Problem details: All lines below between the line with "Photos for each" and the line with "厨房里妈妈给孩子做饭插画", including both, must be copied exactly, and the pictures must be omitted.
━━━ Data excerpts ━━━
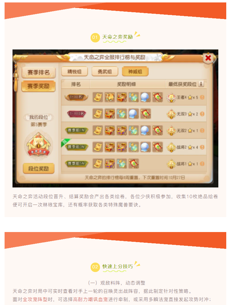 天命之弈第5賽季馬上就要結束了,各位少俠都達到哪個段位了呀?靈兒收到了許多少俠求攻略的留言,今天就為大家?guī)碣惣灸_分攻略,助力少俠打進賽季前3%!
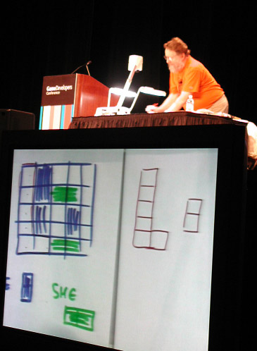 モリアティー氏はGDCの常連的な存在で,いつも大人気の講義となる。その理由は,練り込まれた遊び心いっぱいの講義方法と,まったく関係なさそうな話題からゲームデザインについて考えさせる講義内容である。今回も,部屋の照明をすべて落とし,バッハの音楽をかけながら,1970年代にイギリスで起こった"黄金のウサギ"の財宝探しのブームや,バッハの楽譜に秘められたレトリック("ヨハンセン"の14文字に因んだ音符の数や,B,A,C,H――Bマイナーのドイツ表記――という音色など)などを紹介し,「芸術的な遊びというものは,隠しキャラなど小手先の商売道具ではなく,すでに受け手の前に出された状態で存在し,知的な興味や探求によって引き出されるべきだ」と述べた。
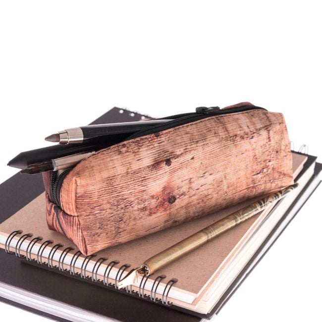 In this original pouch, you can store your cosmetics. The pouch is small in size, making it easy to carry in your handbag. The attractive pattern looks as if the bag is actually made of wood. You can also use it as a pencil case.
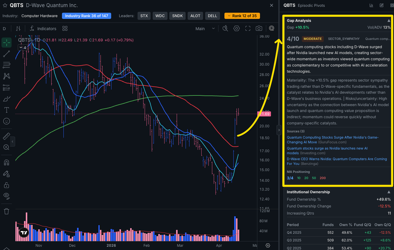 These aren't technical setups in the traditional sense. They're not about the shape of a base or the position of a moving average, though those factors matter for the entry. The Episodic Pivot is fundamentally a catalyst-driven event. The chart is just where you observe the evidence.
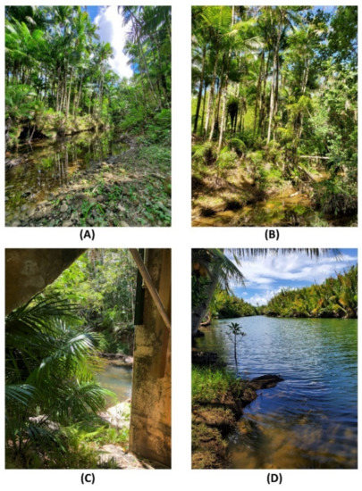 Photos for each sampling site. (A) upstream from Ordot Landfill, (B) downstream from Ordot Landfill, (C) USGS Pago River streamflow gauge, and (D) near Pago River mouth.
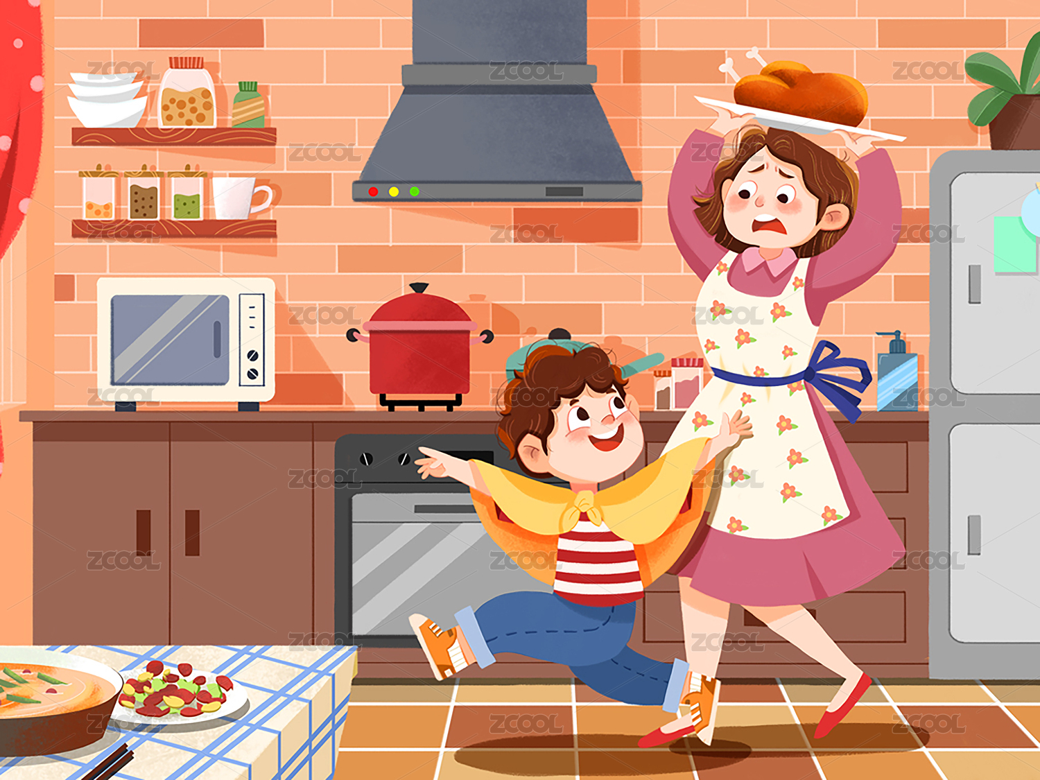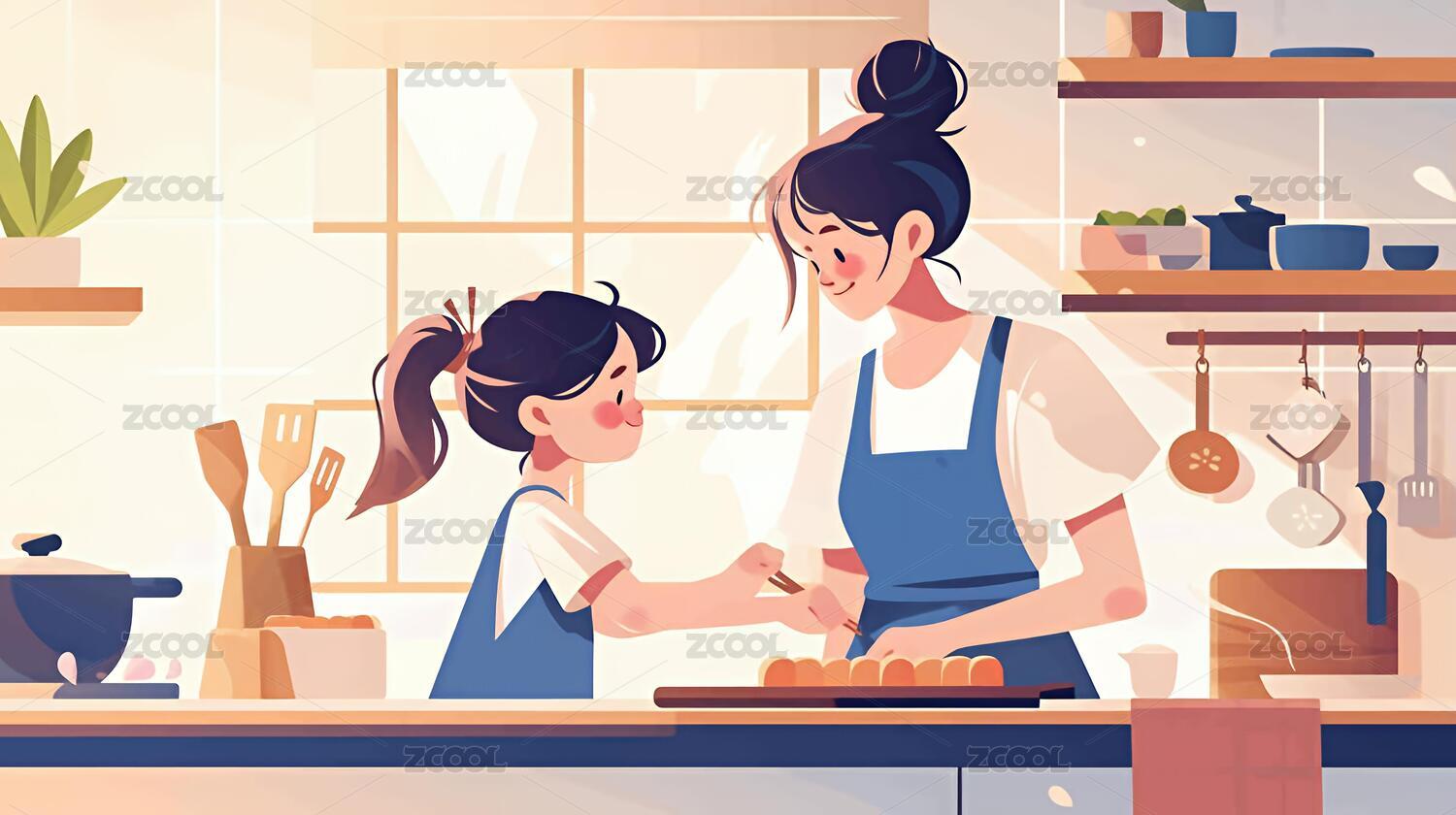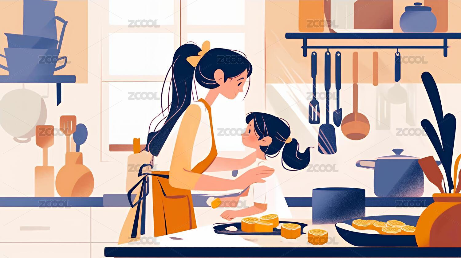 厨房里妈妈给孩子做饭插画
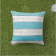 Esta almofada bonita ao ar livre é branca e turquesa listrada e tem uma placa de praia de madeira, fazer uma casa de praia excelente, casa de piscina, casa de campo, baralho, pátio ou acessório ao lado da vara.
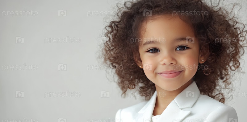 Маленький ребенок в изысканном белом костюме излучает очарование и уверенность
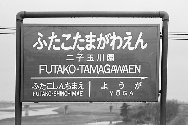 今回の駅撮りは前回から9年の時が流れた二子玉川園駅でございます。駅名の方は 未だ前回と同じ「園」付きでございますが、進行方向次駅は「ようが」となっております。 つぅ事は、新玉川線が開通したのでございます。この駅名票は上りホーム3番線側に 設置されていたヤツで、4番線側の次駅は大井町線「かみのげ」になってたんですよ。
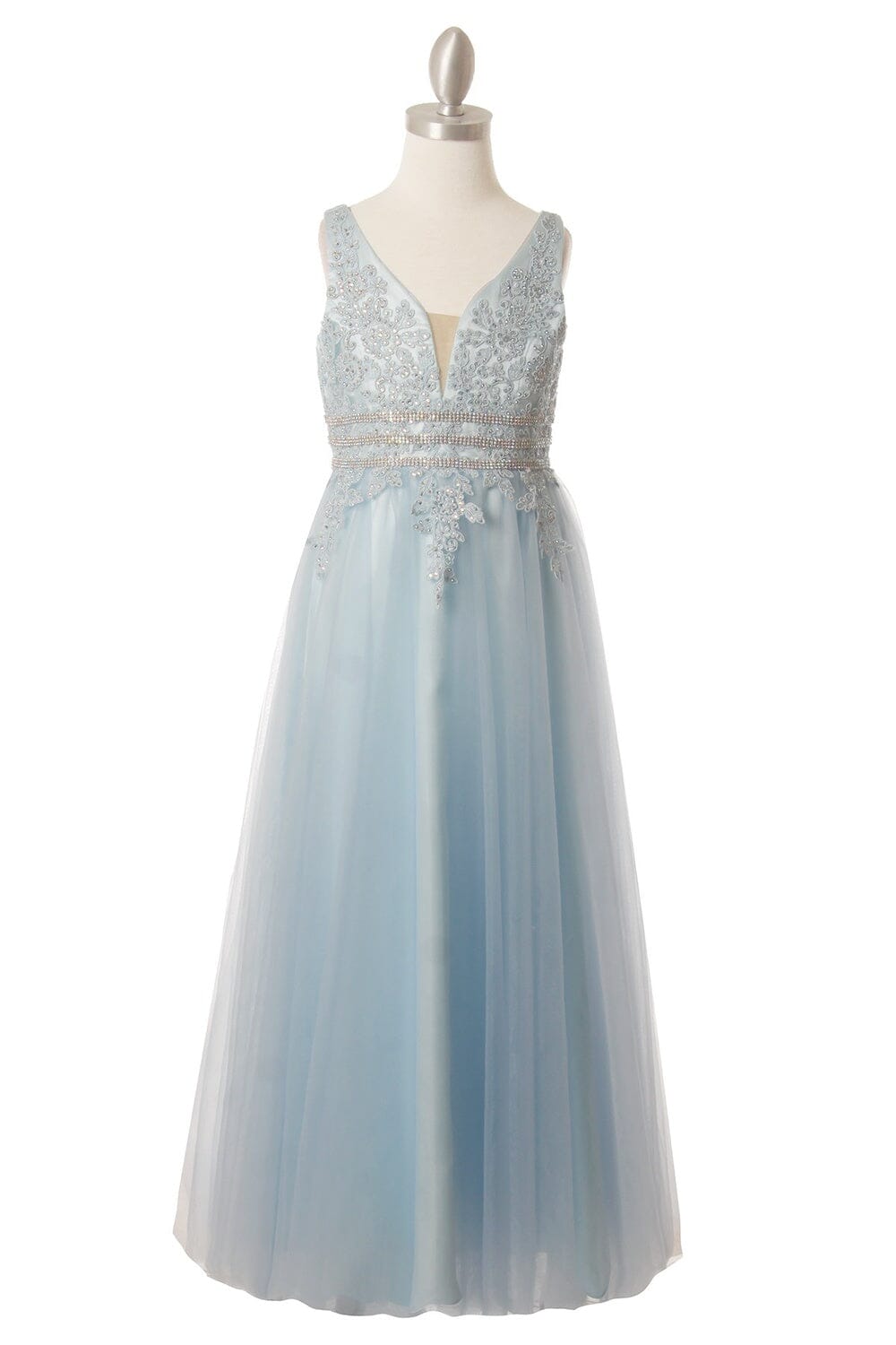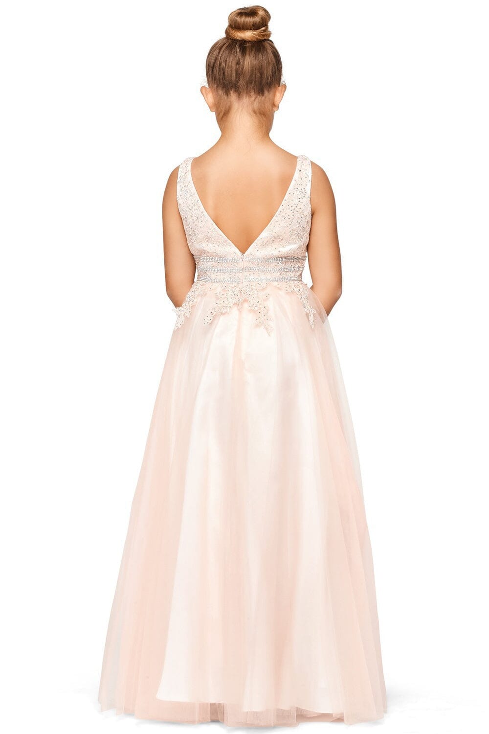 Your sweet girl will be the center of attention in this long sleeveless dress with beaded lace bodice by Cinderella Couture 5082. This elegant dress features a V-neck bodice secured with a sheer inset panel, lace appliques accented with sparkly AB rhinestones, beaded waistbands, open V-back, long A-line tulle skirt, and a zipper closure.
━━━
Task response:
 Photos for each sampling site. (A) upstream from Ordot Landfill, (B) downstream from Ordot Landfill, (C) USGS Pago River streamflow gauge, and (D) near Pago River mouth.
 厨房里妈妈给孩子做饭插画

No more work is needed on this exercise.